Exercise — Would you retype, word for word, the line with "九州アスティーダ vs 京都カグヤライズ の対戦オーダーが発表されました。" and each line after it to the end of the entries below, leaving the pictures out?

⁂

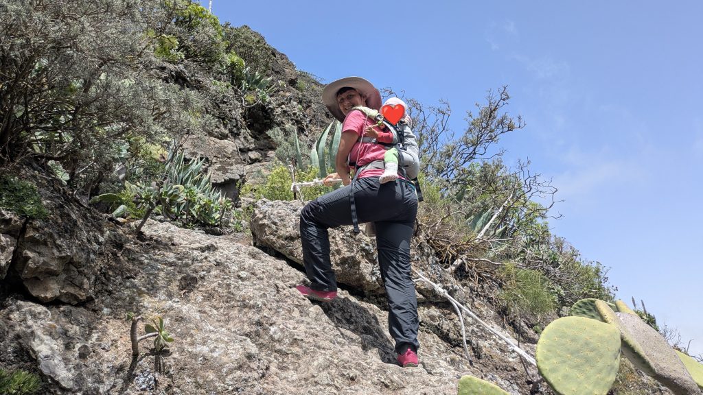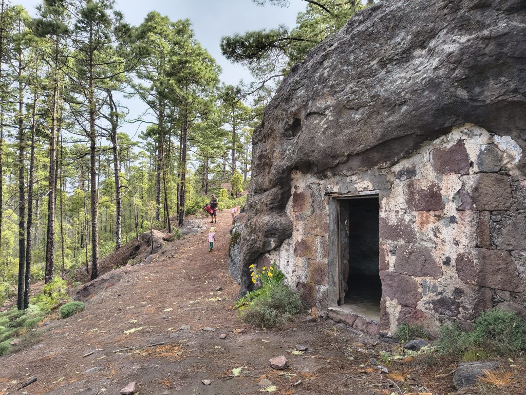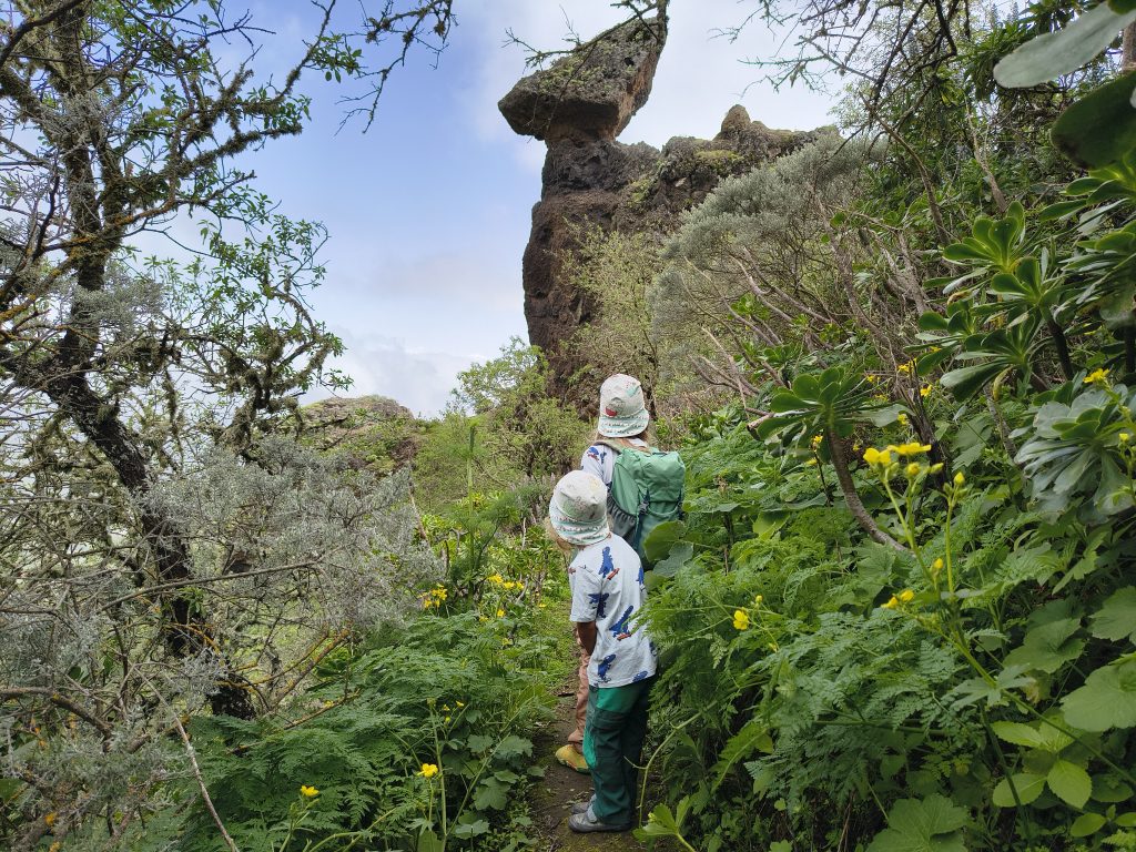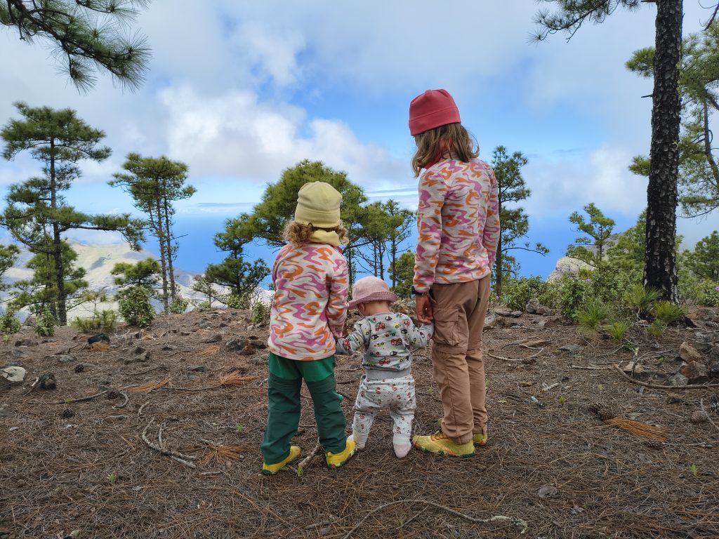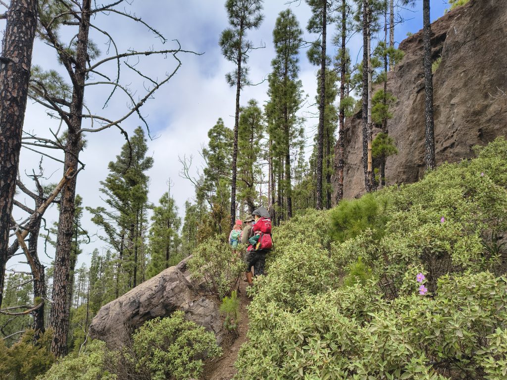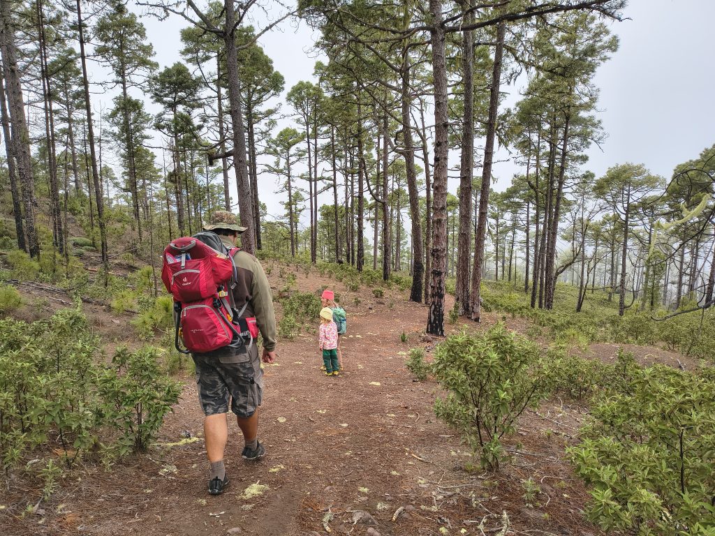 Anschließend führte uns der Weg leicht hinab. Wir liefen weiter durch den kanarischen Fichtenwald. Es gibt unzählige Kletterabenteuer für Kinder. Viele kleine Felsen, ein kleiner Wasserlauf und Pfützen boten viel Spaß für unsere Kleinen.
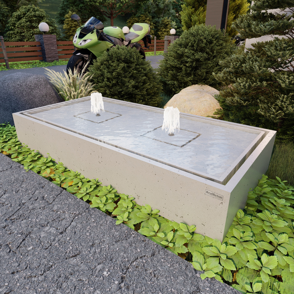 Бетонний фонтан Прямокутник — Додайте елегантності та заспокійливого звуку води вашому саду або терасі за допомогою нашого сучасного бетонного фонтана. Завдяки лаконічному дизайну та двом потужним гейзерам, цей фонтан стане центральним елементом будь-якого ландшафту, від мінімалістичного хай-теку до затишного лофта.
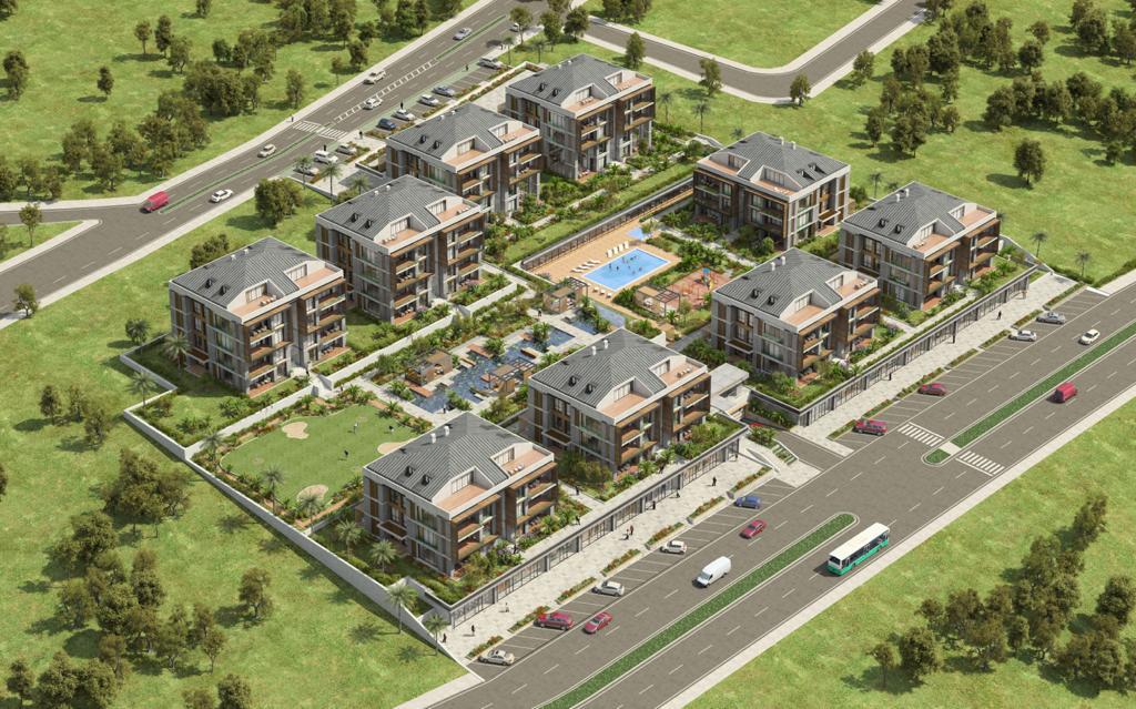 10.800 m2 peyzaj alanı içinde her daire için yaklaşık 200 m2 yeşil alan. Geniş bahçe katları, çatı ve ters dubleksler.
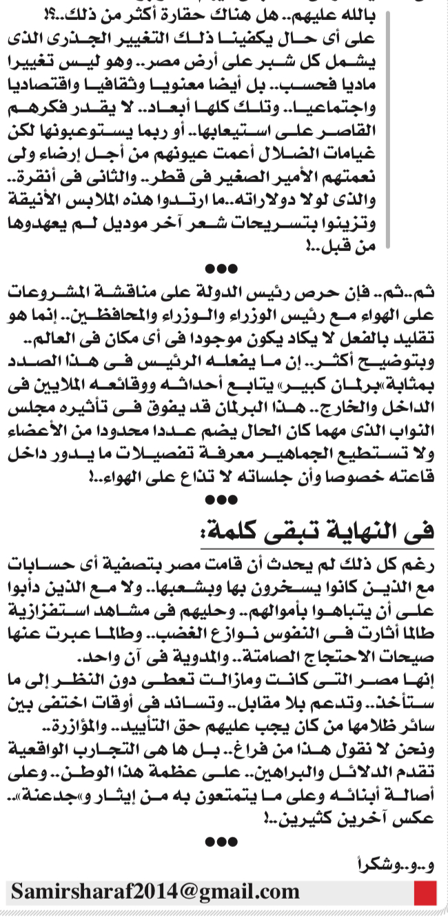 على أي حال يكفينا ذلك التغيير الجذري الذي يشمل كل شبر على أرض مصر.. وهو ليس تغييرا ماديا فحسب.. بل أيضا معنويا وثقافيا واقتصاديا واجتماعيا.. وتلك كلها أبعاد.. لا يقدر فكرهم القاصر على استيعابها.. أو ربما يستوعبونها لكن غيامات الضلال أعمت عيونهم من أجل إرضاء ولي نعمتهم الأمير الصغير في قطر.. والثاني في أنقرة.. والذي لولا دولاراته.. ما ارتدوا هذه الملابس الأنيقة وتزينوا بتسريحات شعر آخر موديل لم يعهدوها من قبل..!
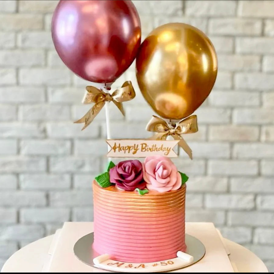 Surprise them with a cake that they won’t be able to resist! This alluring cake is composed out of a sponge base (in a flavor of your choosing), and features beautifully designed with golden and red metallic color chrome balloons with confetti and roses on top and pink & gold icing which is creating an irresistible treat for your recipient!
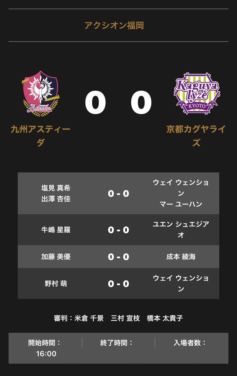 九州アスティーダ vs 京都カグヤライズ の対戦オーダーが発表されました。
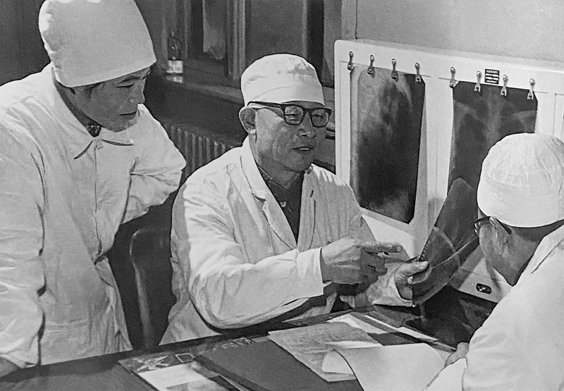 1980年1月16日,中日友好医院首任院长辛育龄(中)在内蒙古结核病院与胸外科医师讨论病例(翻拍照片)。
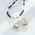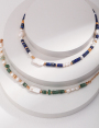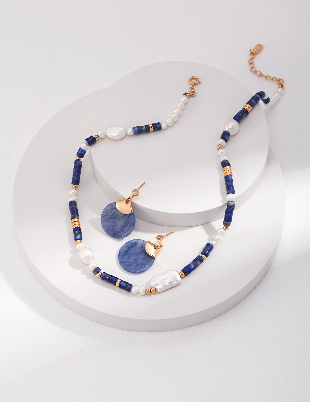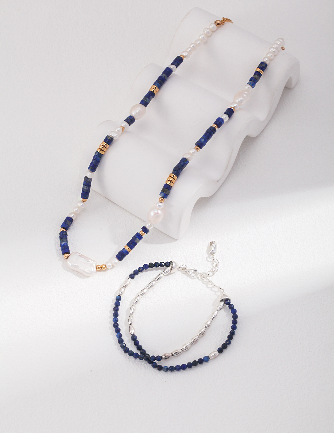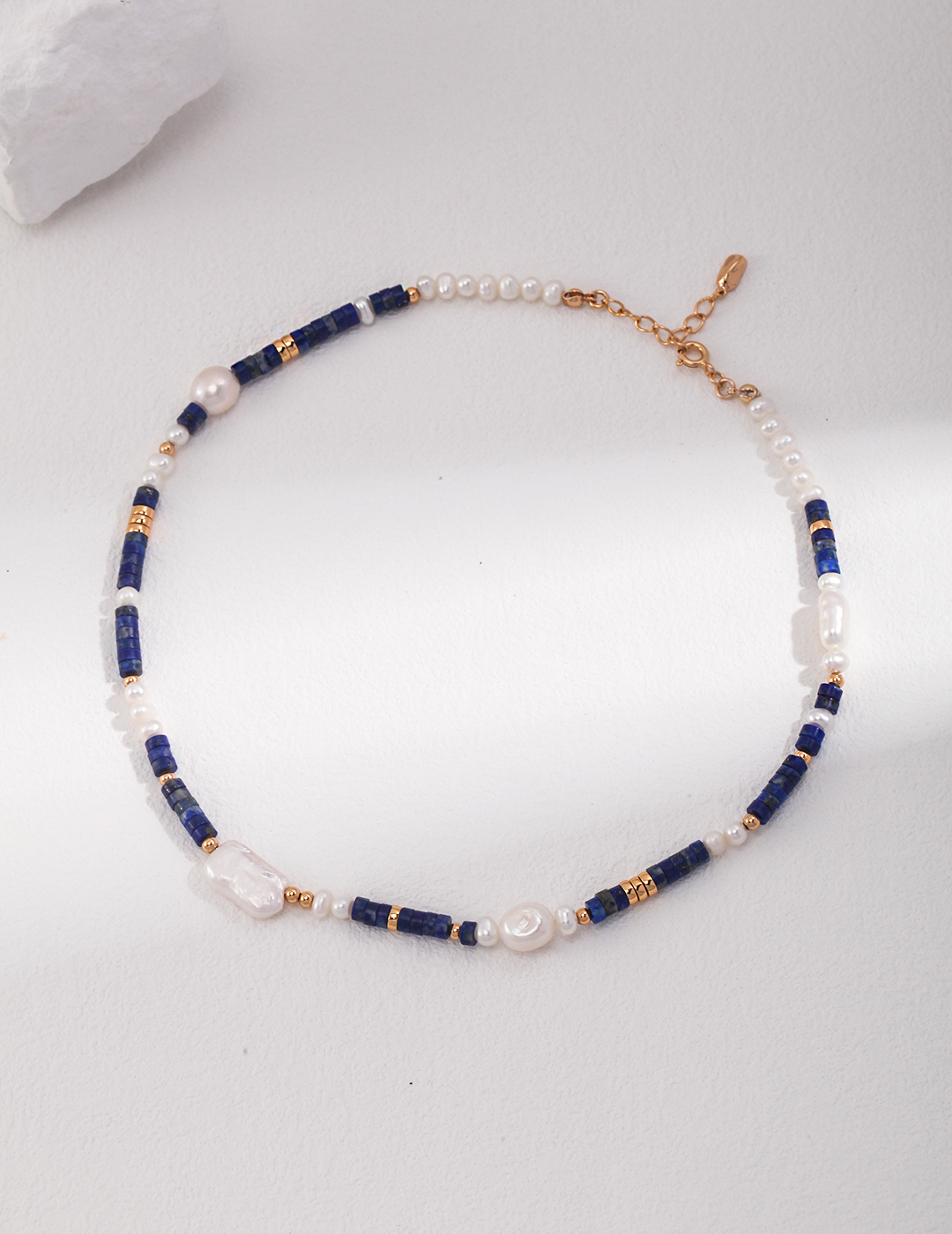 925 Sterling Silver Pearl Lapis Lazuli Necklace N0425

⁂

Completed exercise —
 九州アスティーダ vs 京都カグヤライズ の対戦オーダーが発表されました。
 1980年1月16日,中日友好医院首任院长辛育龄(中)在内蒙古结核病院与胸外科医师讨论病例(翻拍照片)。
 925 Sterling Silver Pearl Lapis Lazuli Necklace N0425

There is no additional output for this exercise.